Our walks to and from the Nile these last two days have brought us through many blocks of this city, past countless stores and shops which occupy the first floors of most buildings. We must have been near the fashion district, for we passed a surprising number of clothing stores in our forays, mostly dedicated to the female persuasion but intermixed with those for men and children as well. We found these former stores puzzling, for their wares belie the conservative public attire of all women here, most of whom wear a head covering be it the more commonplace scarf (Hijab) which leaves the face visible or the rarer and more encompassing Niqab, through which only the eyes can peer. Many men wear western attire but we have seen a good number in full length robes.
Our interactions with locals encountered during our wanderings have followed a similar pattern, which we hope to not repeat now that we have identified the symptoms. First they ask where we are from, followed by some explanation of how they also have a tie to America. This introduction frequently comes after some sort of assistance offered, such as directing us when to cross a busy street. If they figure out what we are looking for (such as the Nile, or food) they suggest a route, and accompany us to make sure we go the right way. This path inevitably leads past a shop of theirs of some sort, which we are encouraged to enter just to look around. Not being completely naive, we have not yet fallen so far into the trap as to actually enter one of these innocuous looking lairs.
The guy we met yesterday on our way to dinner from the Museum was particularly devious, and I did not see the trap until it was nearly sprung. He asked us whether we would like his business card (for his art gallery), which seemed pretty harmless. Of course he did not have any cards on him, but we were conveniently close to his gallery (walking that direction to find food at his suggestion) so that he could fetch some as we passed. By the time it was evident that we were to follow him inside, we knew what was going on and continued on our journey.

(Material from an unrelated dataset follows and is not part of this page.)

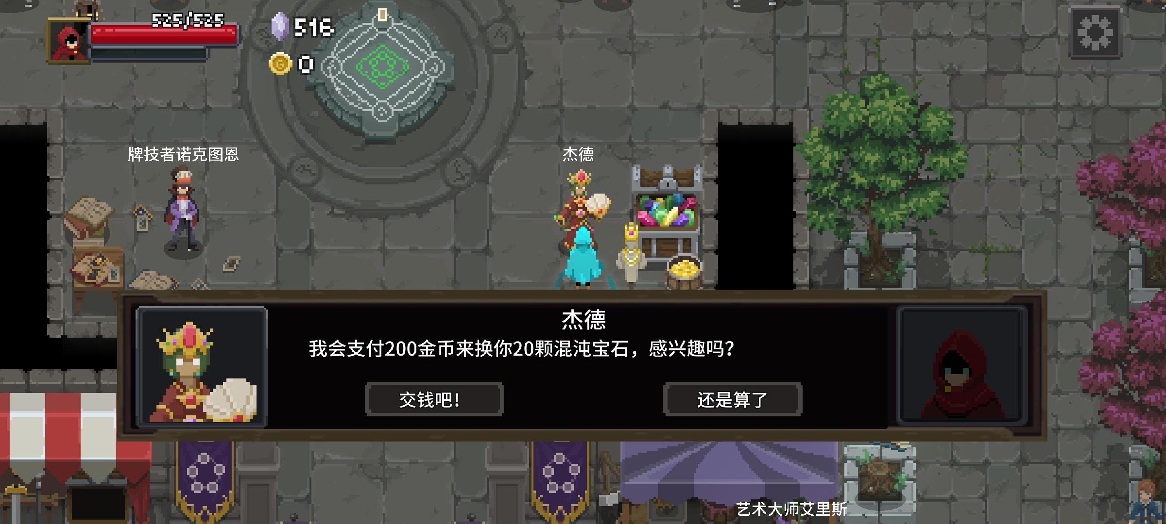 投稿给一起玩的新手参考。首先出门就去杰德这换200金币,很划算,圣物早买早享受,出门可带护身符加伤害提高前期刷图速度。我这个核心是基础攻击加速,过图可以带召唤或者范围大点的技能。把带伤害字眼的圣物买上,再买暴击加血的圣物(基础攻击攻速提上很容易触发暴击,续航用),看到加血量上限的拿下(加容错率)!!最后穿上合适的斗篷法袍(最好带点暴击率和生命值的,建议就白送的taptap斗篷法袍),打boss就边边上放召唤物打消耗,等boss停下来就冲上去开加速突突打他。。。。注意!! ~~boss头上有个晕的圈圈注意看,一旦发现圈圈没在了就撤!继续到边边上开召唤物消耗。这个得多练练眼力劲 ,多打两把熟悉后就顺畅了。 后面圣物叠起来可提高容错率。
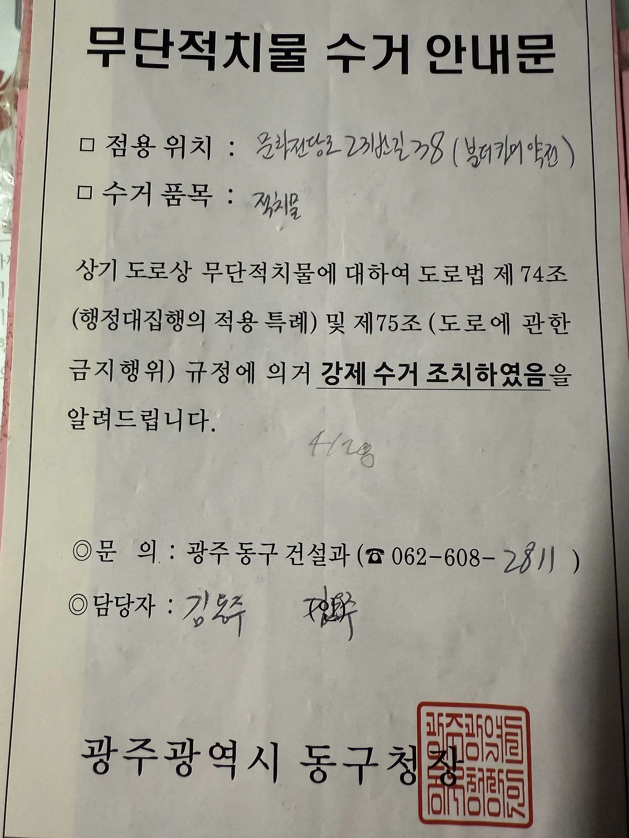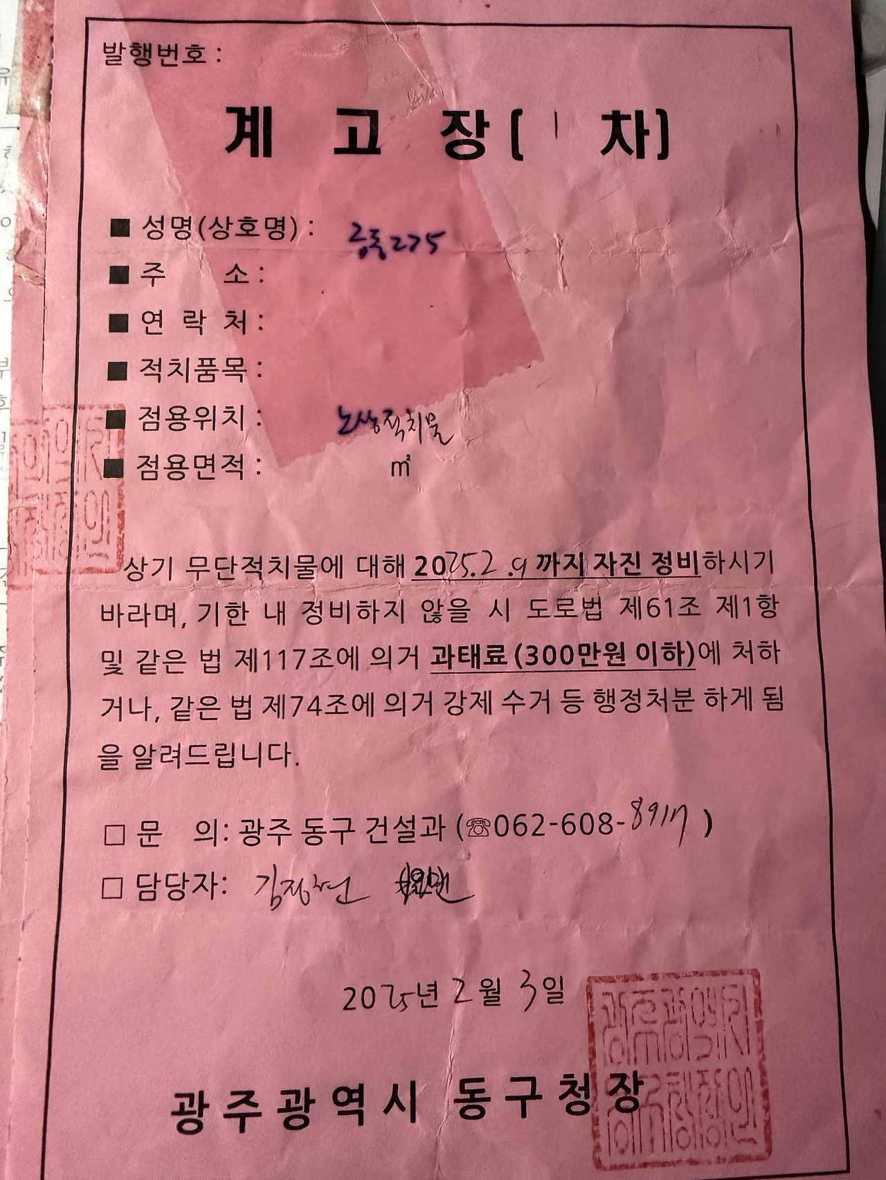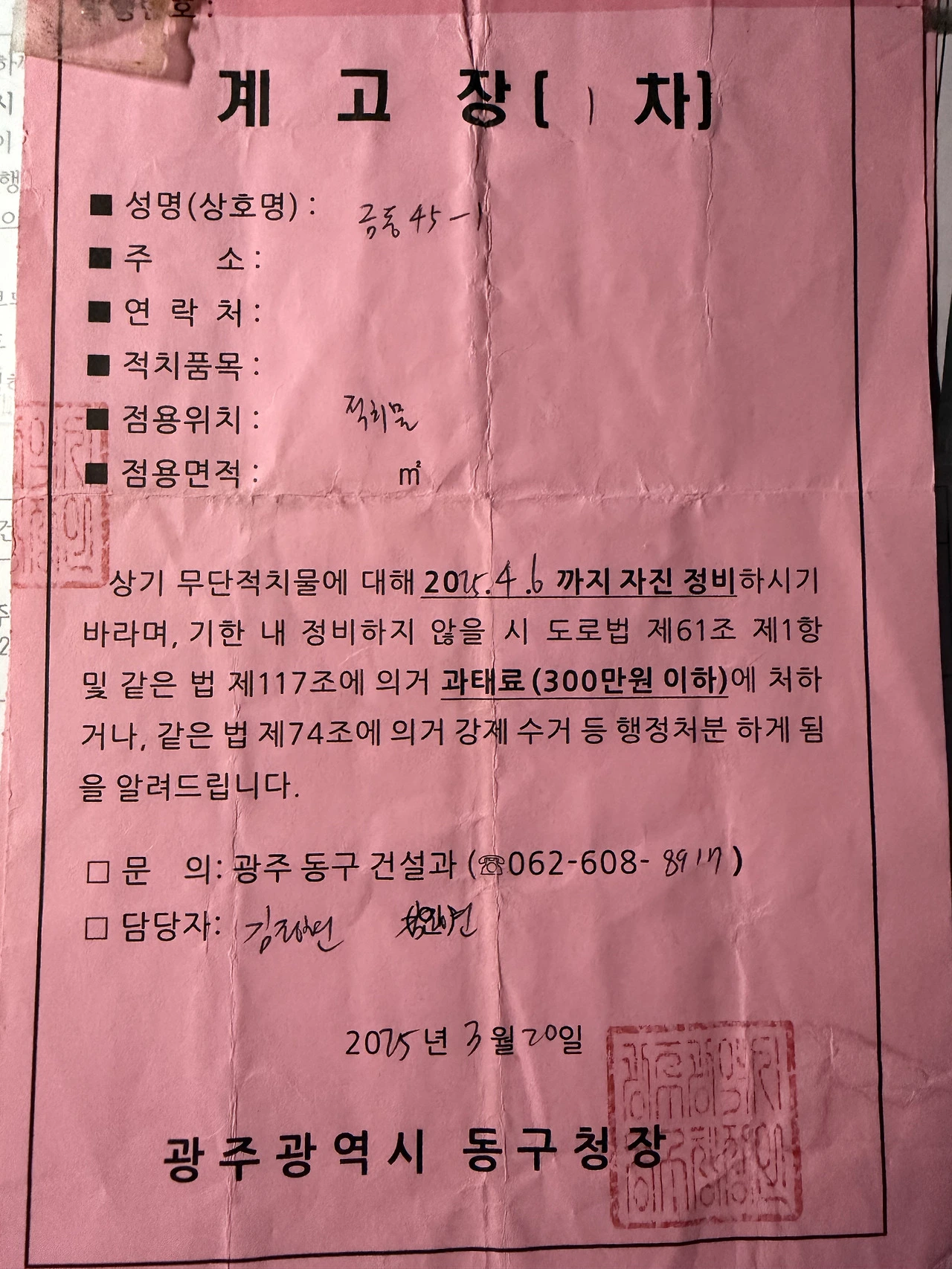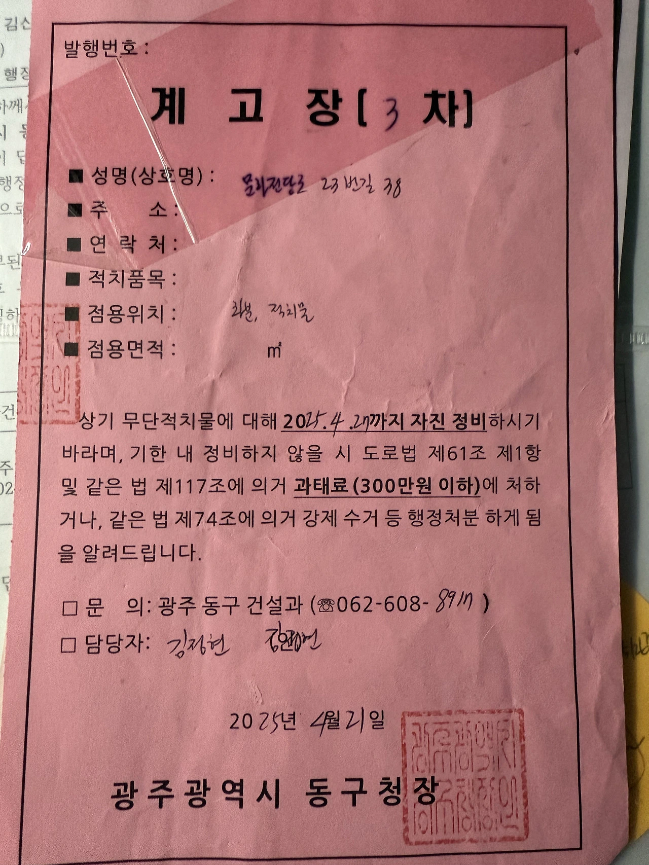 동구청 건설과 명의의 3차 계고장에는

A cat with her kitten living in the lobby of our Cairo Airbnb apartment building. We have seen many fine Egyptian cats and several dogs here so far.
If you guys don't come back with a set of full length robes to parade around Charleston in, I will be very disappointed. I think those would be a hit, especially at Stella Maris. Additionally, I think a good way to deal with those people trying to sell you things would be to come up with some scheme to sell to them. That would surely do the trick.